BEGIN Task material
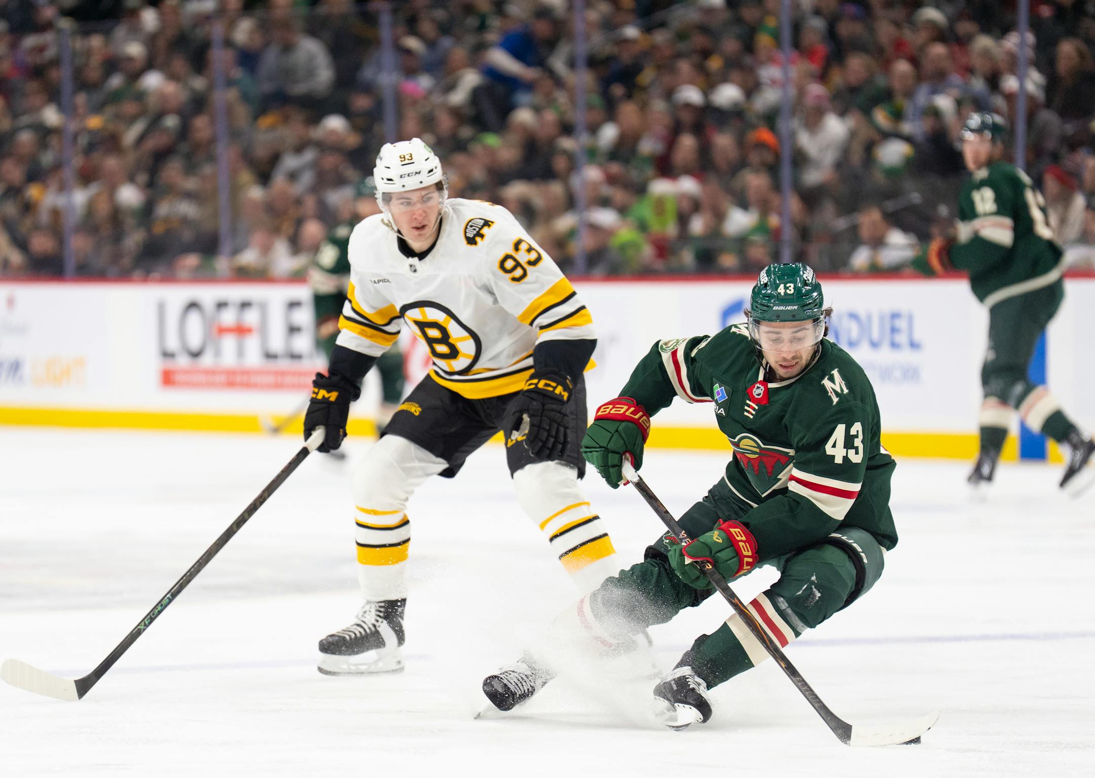 The two were together as the Wild’s top defensive duo, but it was Faber’s smooth transition to offense (à la Hughes) that was most impressive. Faber was on the ice for four Wild goals, assisting on two on the power play and getting off one shot that forced Bruins goalie Jeremy Swayman into one of the toughest of his 25 saves; Gustavsson stopped 29.
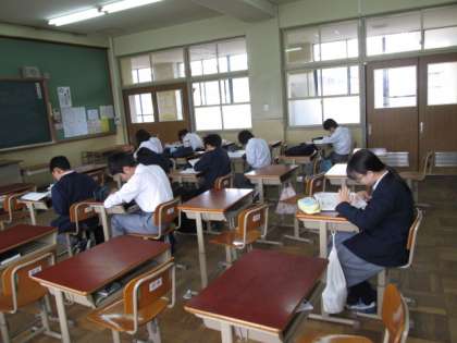 5月19日、テスト前土曜学習が行われています。1年生は初めての定期テストです。40名近くの参加者はみんな頑張っています。
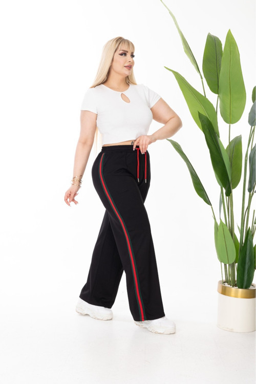 Çelik Kumaş Bol Paça Eşofman Pantolon Şerit Detaylı
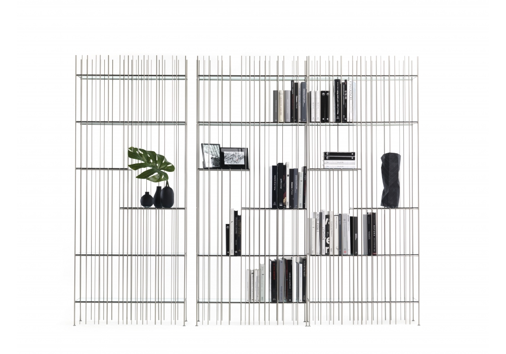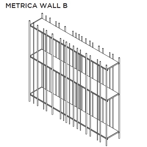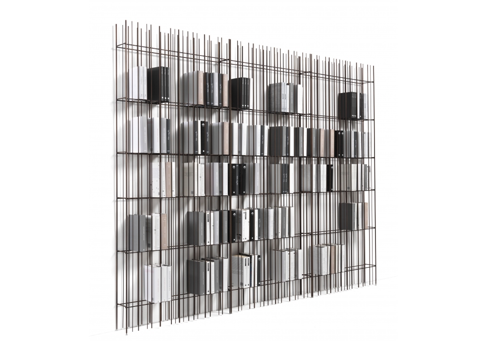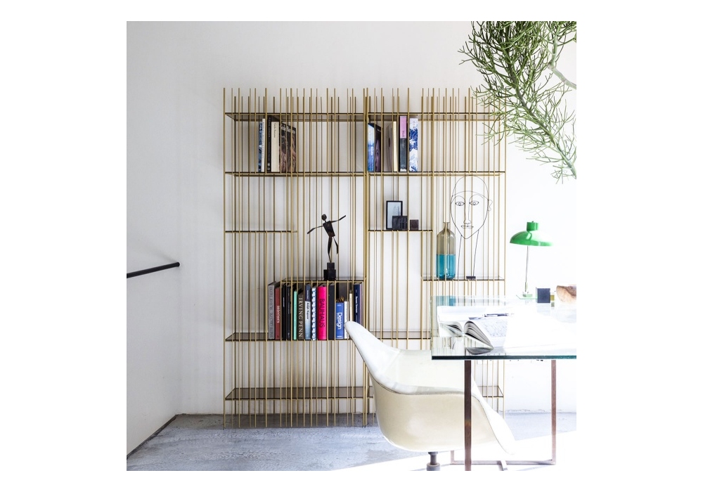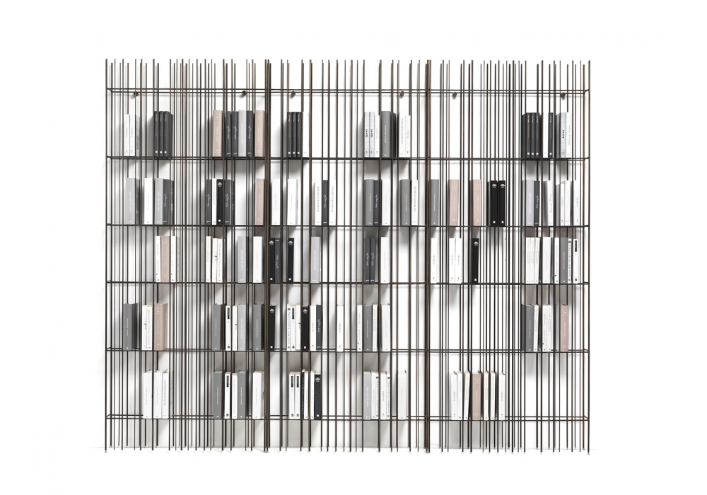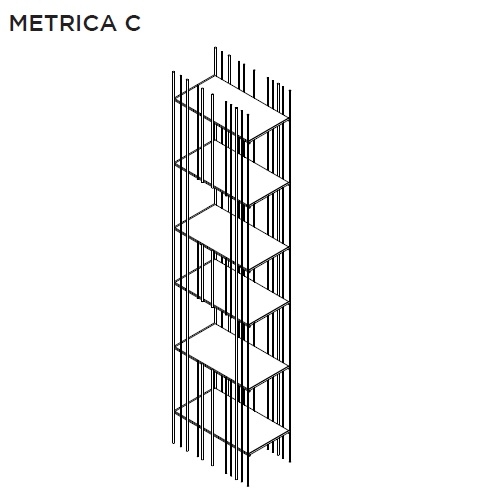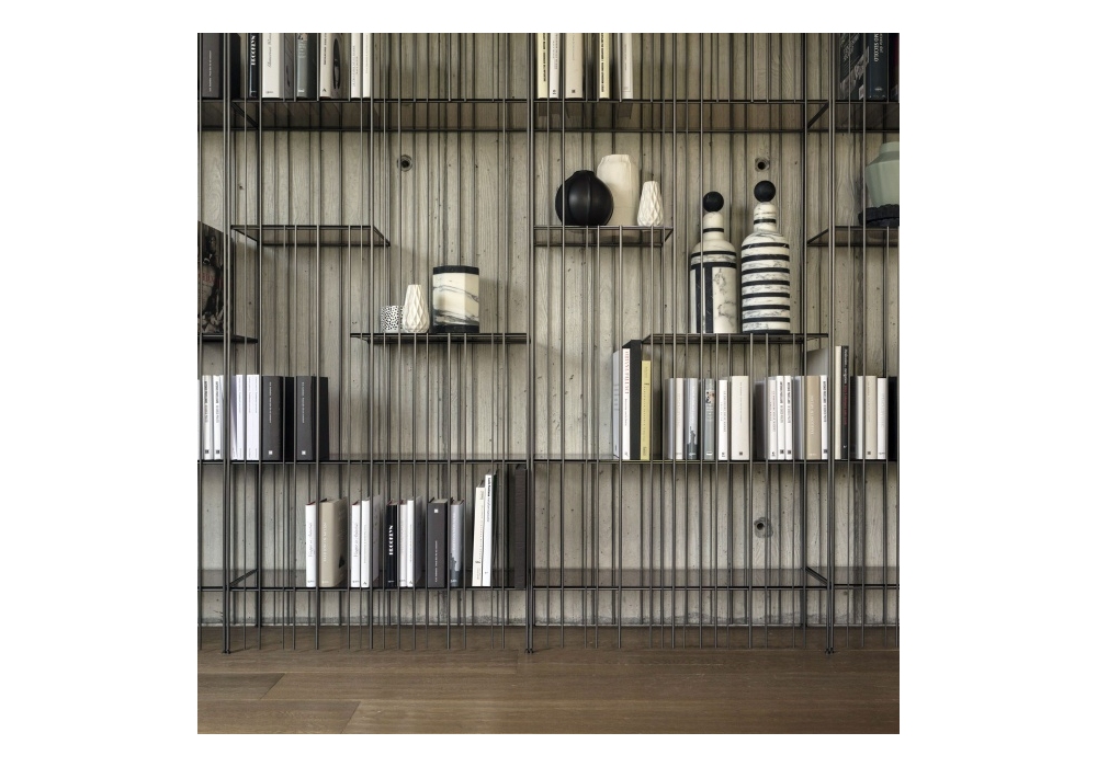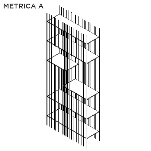 Metrica firmata da Ctrlzak Studio per Mogg è una libreria in metallo disponibile in 4 finiture: brunito, titanio, oro e bianco RAL 1013 e ripiani in cristallo bronzo, verde o bianco acidato extra light. Si consiglia il fissaggio a parete.
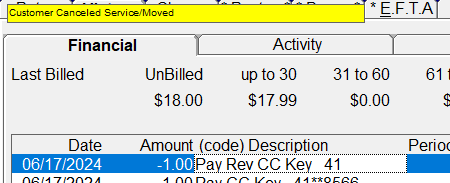 Our Trashbilling department typically sees a ~5% decline rate. Trash Flow saves the reason for declined and returned payments to customer financial history and those reasons will appear in reports. (Keep in mind that if a card gets declined on the Trashbilling.com website or in the Direct Payment window in Trash Flow it does not save anything to history and the payment attempt will not appear on the customer's card.)
END Task material
# Task objective:
Give again, please, precisely the lines that begin the records and run through the line with "Çelik Kumaş Bol" in it, keeping both end lines and dropping any pictures.

# Response for this exercise:
 The two were together as the Wild’s top defensive duo, but it was Faber’s smooth transition to offense (à la Hughes) that was most impressive. Faber was on the ice for four Wild goals, assisting on two on the power play and getting off one shot that forced Bruins goalie Jeremy Swayman into one of the toughest of his 25 saves; Gustavsson stopped 29.
 5月19日、テスト前土曜学習が行われています。1年生は初めての定期テストです。40名近くの参加者はみんな頑張っています。
 Çelik Kumaş Bol Paça Eşofman Pantolon Şerit Detaylı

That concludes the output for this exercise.